Have you considered using something like boinc
(http://boinc.berkeley.edu/) to harvest unused cycles from thousands
of end user pc's? If you can make substantial gains in computation by
tying together a few labs, I'd imagine that you could dramatically
increase what you're capable of by harnessing a couple of orders of
magnitude more cycles...

D.

On 12/20/05, Eugen Leitl <[EMAIL PROTECTED]> wrote:
> ----- Forwarded message from Barry Wark <[EMAIL PROTECTED]> -----
>
> From: Barry Wark <[EMAIL PROTECTED]>
> Date: Mon, 19 Dec 2005 16:20:54 -0800
> To: xgrid users <[EMAIL PROTECTED]>, [EMAIL PROTECTED]

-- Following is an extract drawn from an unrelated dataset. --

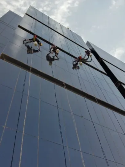 نقدم خدمات تنظيف الواجهات الزجاجية الخارجية للمباني باستخدام أدوات التسلق والمعدات المتخصصة لضمان لمعان ونظافة كاملة.

> Cc: Adrienne Fairhall <[EMAIL PROTECTED]>
> Subject: Use of Xgrid in neural computation research
>
> At the request of Richard Crandall, here is a summary of some of the
> work I have been doing in the computational neuroscience lab of
> Adrienne Fairhall at the University of Washington. I hope to give you
> a brief taste of what we're doing in the lab and then to explain how
> many of the computational problems we face are easily amenable to
> massively parallel architectures such as Xgrid and how parallelizing
> computations allows researchers in the group to spend less time
> writing code.
>
> Of course, we would be happy to answer questions or offer suggestions
> if anyone is considering similar work.
>
> First, a bit of background. The goal of the Fairhall Lab is to
> understand the computation performed by individual neurons and neural
> circuits. For our purposes, "computation" is a functional description
> of the neuron's mapping from stimuli to spike times: because mammalian
> action potentials are stereotyped, the time of individual action
> potentials is the only information transmitted to down-stream neurons.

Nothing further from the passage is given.